UO provides support for students like mental health consultations, an after hour crisis and support line, counseling sessions and wellness events and workshops. While classes were online between winter 2020 and spring 2021, the university made academic accommodations such as suspending academic disqualifications for the 2020 winter term, refunding the online credit fee, extending the deadline for spring 2020 graduates to complete requirements and allowing students to take more classes pass/no pass during certain terms.
Another example of a structural change is that UO allowed faculty on tenure track to pause their timelines. Weaver said that there should also be an increase in salary for career instructors not on tenure track.
“That is a big equity issue that is not specific to the UO,” she said. “There also needs to be better support for students because students will confide in us about their struggles, and sometimes we don’t know where to send them or how to help.”
Kate Mills, assistant professor of psychology, echoes the same sentiment as Rajeev and Weaver. Mills has been working in academia her whole career, starting as an undergraduate, earning a Ph.D. and now working as a professor.
“Mental health has been something that, it’s interesting, it’s often a point of research in many of the labs I have been a part of, but interestingly it is not a focus in conversation on how the structure of academia impacts mental health,” Mills said.
Since the pandemic hit, meeting the high performance standards of academia has become harder for many.
“[COVID] has been personally very difficult.
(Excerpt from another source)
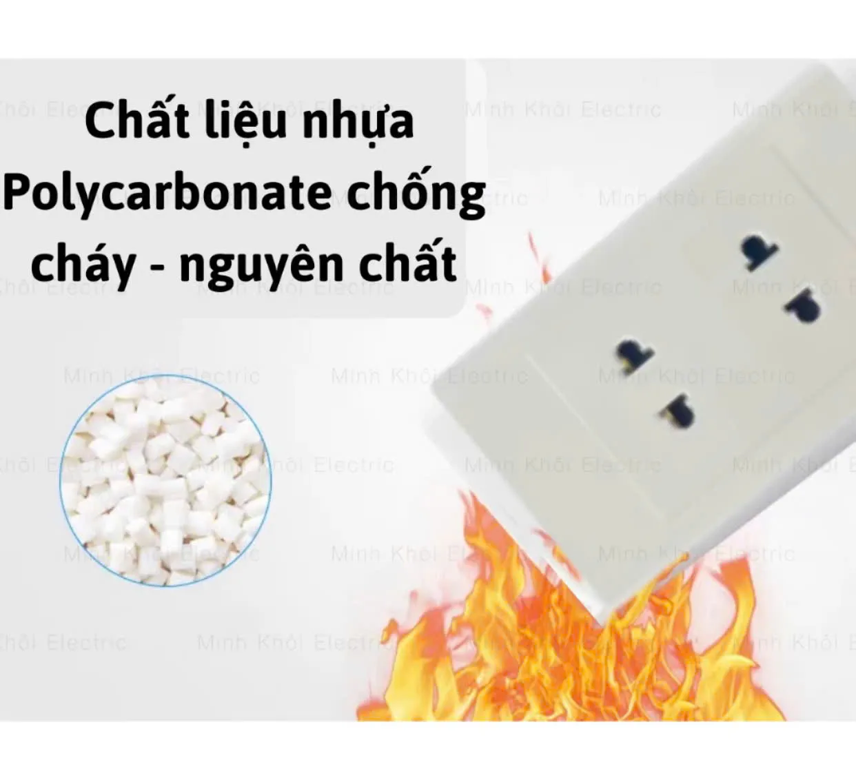 – Mặt ổ cắm được sản xuất từ nhựa chống cháy chất lượng cao.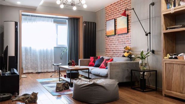 裸露的墻磚、原木色的地板家具,帶來工業(yè)風(fēng)的力量感,讓人在室內(nèi)忍不住運動起來,制造出溫暖的感覺。

There was an internal motivation to push through and to handle things,” Mills said.
Mills’s feelings of working to push through and expand personal capacity are something that many people are currently going through. Circumstances have changed, but the structure of academia has not adjusted, Mills said.
“For instance, we get messages and emails that say ‘take care of yourself,’ but at the same time there is an increase of expectation to deliver, but the structure did not change,” Mills said. “The burden was placed on individuals rather than the structure to change. Few initiatives were fantastic, but they were only awarded to some faculty.”
Throughout the pandemic, UO faculty, staff and students have faced heightened mental health challenges, and many say that addressing mental health on an individual level isn’t enough. They want to shift the focus of the conversation to structural and cultural changes that will improve community member’s well-being.
Mills, Ravishankar and Weaver say that work expectations have remained high despite pandemic-related challenges — or, as Ravishankar said, “Everything kept moving, nothing slowed down.”